According to producer Gil Fates, Daly was resistant to changes that would have diminished the show's dignity. Daly insisted on a formal procedure; for example, he addressed the panelists as "Miss" or "Mister", and both Daly and the panelists always wore formal attire in keeping with the moderator's scholarly bearing. Toward the end of the network run, in the mid-1960s, Fates broached the idea of expanding the usual format to include playful, on-stage demonstrations of the contestants' products or services, for the sake of variety, only to be met with Daly's "Look, kiddo. If you want to do stuff like this, do it on I've Got a Secret." The producers, Fates said, were unable to challenge Daly for fear of losing him as the show's moderator, and the format remained sedentary with Daly presiding from his desk. Only after Daly's departure was Fates able to expand the format, when the retooled What's My Line? was revived for syndication in 1968.

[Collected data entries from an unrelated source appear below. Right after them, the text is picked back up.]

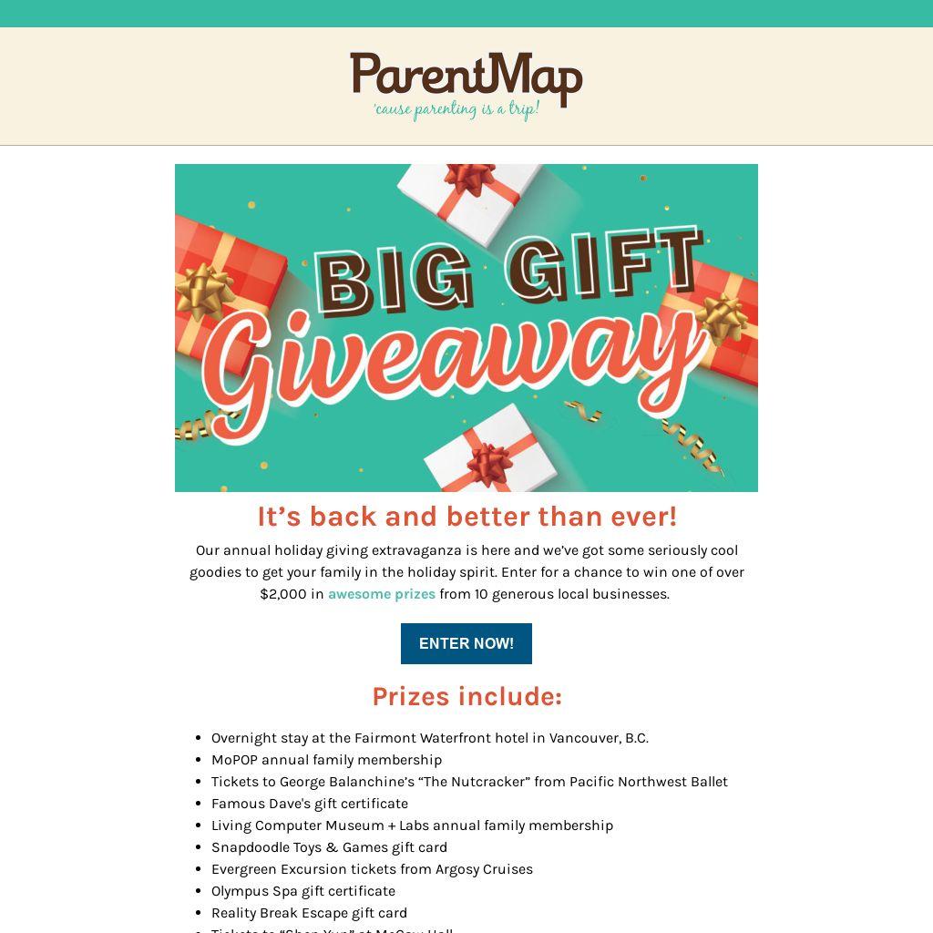 Our annual holiday giving extravaganza is here and weâve got some seriously cool goodies to get your family in the holiday spirit. Enter for a chance to win one of over $2,000 in awesome prizes from 10 generous local businesses.Â
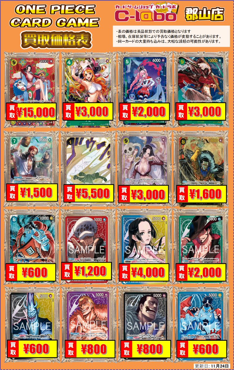 【ワンピースカード 買取情報】 カードラボ郡山店です‼️ こちら最新弾の買取表になります‼️ ジュラキュール・ミホーク【SEC】¥2,000買取 ボア・ハンコック【L/P】{OP14-041}¥4,000買取 お持ち込みお待ちしております🙇♂️
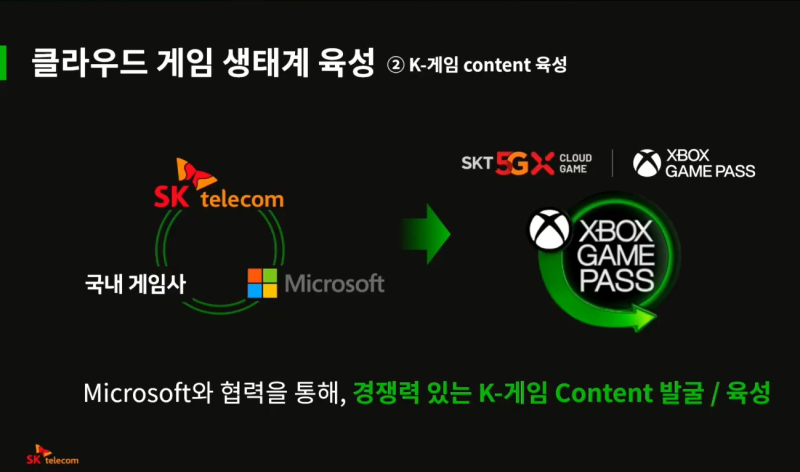 그리고 클라우드의 생태계 육성에도 나선다. SKT는 MS와 협력을 통해 국내 게임사의 게임을 발굴해 Xbox 게임패스를 통해 클라우드 게임으로 글로벌 42개국에 서비스함으로써 한국 게임의 경쟁력을 키운다는 계획이다.

The series spawned a brief radio version in 1952, also hosted by Daly. The series also inspired a multitude of concurrent international versions and a syndicated U.S. revival in 1968 in which Daly did not participate. He was a vice president at ABC during the 1950s. He did hosting duties on Who Said That?, It's News to Me, We Take Your Word, and Open Hearing. Daly was a narrator on The Voice of Firestone starting in 1958.

He also had several television and movie guest appearances from the late 1940s to the mid-1960s, including an uncredited role in Bye Bye Birdie (as the reporter announcing the title character's induction into the Army) and as the narrator, in a mock documentary style, on the premiere episode of the rural comedy series Green Acres. In 1949 he starred in the short-lived CBS Television newspaper drama The Front Page, where it was thought that his presence and journalistic experience would give the series more authenticity.

During the 1950s, Daly became the vice president in charge of news, special events, and public affairs, religious programs and sports for ABC and won three Peabody Awards. From 1953 to 1960, he anchored John Daly and the News each weeknight and other ABC News broadcasts and was the face of the network's news division, even though What's My Line? was then on competing CBS. In addition, he provided the voice of a Conelrad radio announcer on the May 18, 1954, broadcast of The Motorola Television Hour on ABC titled Atomic Attack, which showcases a story about a family in a New York City suburb dealing with the aftermath of an H-bomb attack fifty miles away. At the time, this was a very rare instance of a television personality working on two different US broadcast TV networks simultaneously. (Daly did not work for CBS but for the producers of What's My Line?, Goodson-Todman Productions. He also filled in occasionally on NBC's The Today Show, making Daly one of the few people to work simultaneously on all three networks.)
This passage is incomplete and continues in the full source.